Regarding bounce buffer use, I actually looked into this a few months ago for a
PCI card we are working on. I never found a way to determine if Windows was
going to use bounce buffers in the software. But, I think you can figure this
out a priori, if you know your hardware.

In my case, I found that if the PCI card could access all of memory space, and
it supported HW Scatter/Gather, then there would never be a need for “bounce
buffers”, and Windows wouldn’t use them.

However, our PCI card doesn’t have Scatter/Gather support, so we get a bounce
buffer from Windows (16k last I checked). Practically, this was transparent to
our driver (because we followed the DMA model), and despite using bounce buffers
it’s still blazing fast (when the driver isn’t doing DbgPrint()s in the ISR. :slight_smile:

There is a really good paper at:
http://www.microsoft.com/whdc/driver/kernel/default.mspx
describing DMA in wonderful / painful detail, which I’ve been using as one of my
references. But don’t look for bounce buffers, look for “Map Registers”.

-Mike

Peter Wieland wrote:

See the last paragraph (or so).

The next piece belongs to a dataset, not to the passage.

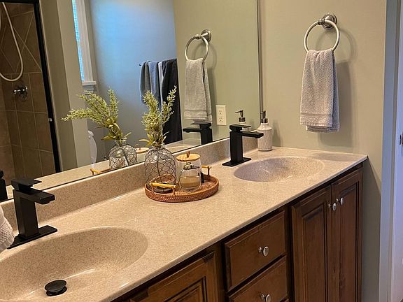 Immaculate 3 Bed 2 Bath SW Home! USDA Eligible! Open floor plan with wonderful kitchen. Mark Hall cabinetry, stainless appliances, island, pantry, formal dining room! Flat driveway and flat yard with berm on the back property line for ideal privacy! Water softener, security system, water filtration, upgraded bathroom vanities, wonderful landscaping, and MORE!
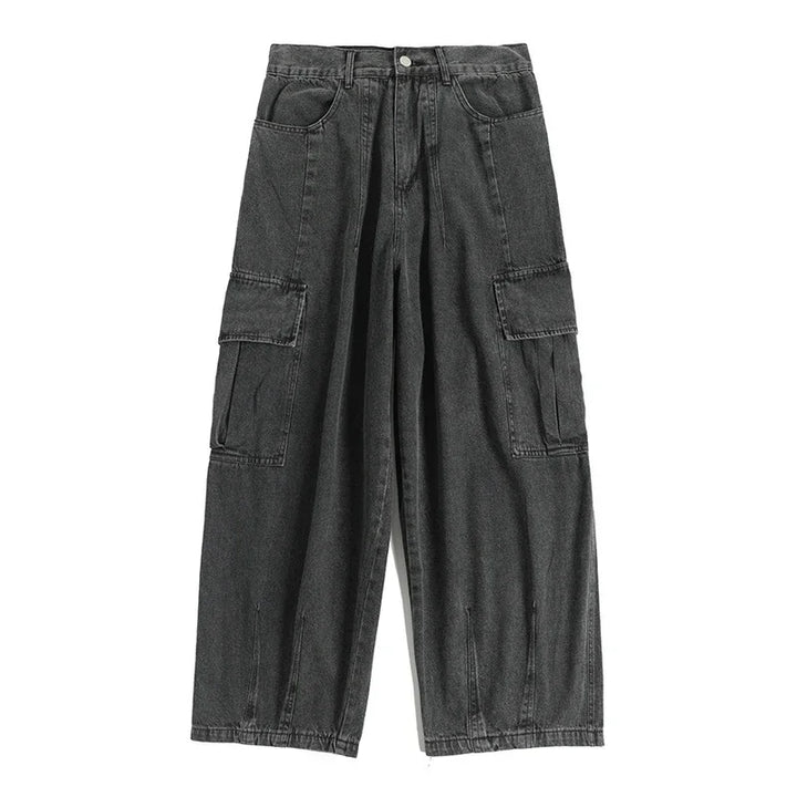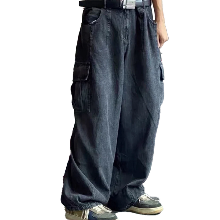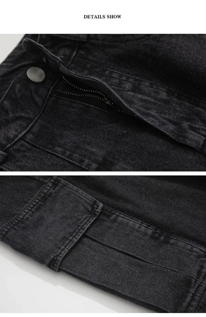 Graphic Footy Oversized Black Baggy Denim Cargo Jeans – Korean Streetwear Style

I’m not aware of anything that tells
you whether you’ll end up using bounce buffers.

-p

-----Original Message-----
From: xxxxx@lists.osr.com
[mailto:xxxxx@lists.osr.com] On Behalf Of Calvin Guan
Sent: Monday, February 27, 2006 6:48 PM
To: Windows System Software Devs Interest List
Subject: RE: [ntdev] What is DMA?

Peter,

This is the best description on Windows DMA I’ve ever read.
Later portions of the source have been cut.